A Gebirgs artillery unit during a pause in action along the Yugoslav and Greek frontier, in April 1941. The artillery piece is a 10.5cm le.FH. 18 light field howitzer. The gun is well concealed in undergrowth.
Gebirgstruppen traverse across typical mountain terrain as they pass from the Yugoslav frontier into Greece. Much of the advance was often slow due to the winding roads and uneven, rugged terrain. The troops found the advance frustrating at times and this was made worse by enemy resistance, which could regularly hold up entire units for hours fighting on the slopes.
Gebirgstruppen of the 1.Gebirgs-Division have halted in a village and read their divisional weekly newspaper. The officer seated on the motorcycle combination has been decorated with the Iron Cross 2nd Class and the ribbon of the Iron Cross 1st Class.
A Gebirgs machine gun squad use the rocky terrain as cover on the mountain slope. The light 7.92mm MG34 machine gun is on its bipod. The squad is relatively concealed, and their uniforms blend-in well with the local terrain.
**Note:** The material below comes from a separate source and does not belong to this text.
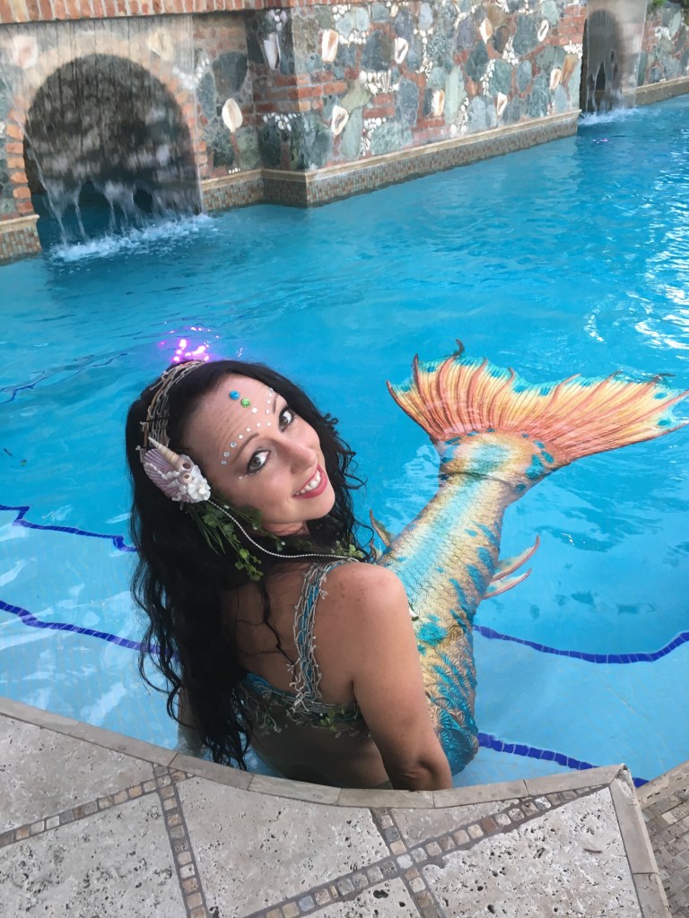 She has mermaid tails of all colors, designs and sizes for those who want to experience swimming as a mermaid, for parties and/or for photo shoots.

A light machine-gun troop consisted of a machine gunner (Number 1) and two machine gun riflemen (Numbers 2 and 3) to carry ammunition.
Mountain troops take cover on a grassy mountain slope and use the uneven ground as cover. Positions like this often gave troops good fields of observation and fire, and could dominate an enemy on the higher ground.
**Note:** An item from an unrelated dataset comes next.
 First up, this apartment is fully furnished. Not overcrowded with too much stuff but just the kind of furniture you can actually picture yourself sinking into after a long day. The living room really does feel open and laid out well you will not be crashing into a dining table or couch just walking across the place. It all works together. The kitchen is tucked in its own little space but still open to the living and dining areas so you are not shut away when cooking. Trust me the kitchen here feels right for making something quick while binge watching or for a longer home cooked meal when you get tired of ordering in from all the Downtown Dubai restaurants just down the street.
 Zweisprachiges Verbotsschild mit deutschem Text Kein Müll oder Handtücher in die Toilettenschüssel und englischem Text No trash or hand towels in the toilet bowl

A column of Gebirgsgruppen march through a destroyed Greek town, accompanied by pack animals carrying equipment. Both the 5 and 6.Gebirgs-Division took part in the attack against Greece. Fighting was heavy in a number of areas but slowly and systematically the mountain troops fought their way through and were able to overrun the Greek defences.
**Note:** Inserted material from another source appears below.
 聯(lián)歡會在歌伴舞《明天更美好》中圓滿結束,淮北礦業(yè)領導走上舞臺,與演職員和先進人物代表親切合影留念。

A good view of a column of mountain troops marching through a Greek hillside town. They all wear the standard issue M36 Wehrmacht tunic and all carry the Mauser 7.9mm Kar98k carbine, the standard issue Wehrmacht's shoulder weapon.
Gebirsjäger staff cars have halted somewhere in the Balkans. Three staff officers can be seen conversing whilst watching their unit crossing a wooden bridge. These vehicles were very much ill-suited for uneven terrain and were seldom seen off-road driving.
Two photographs showing a mountain trooper and a mountain motorcycle combination moving through a destroyed captured town. These Gebirgs are more than likely part of a mountain reconnaissance battalion that comprised of a battalion staff, motorcycle company, and heavy company.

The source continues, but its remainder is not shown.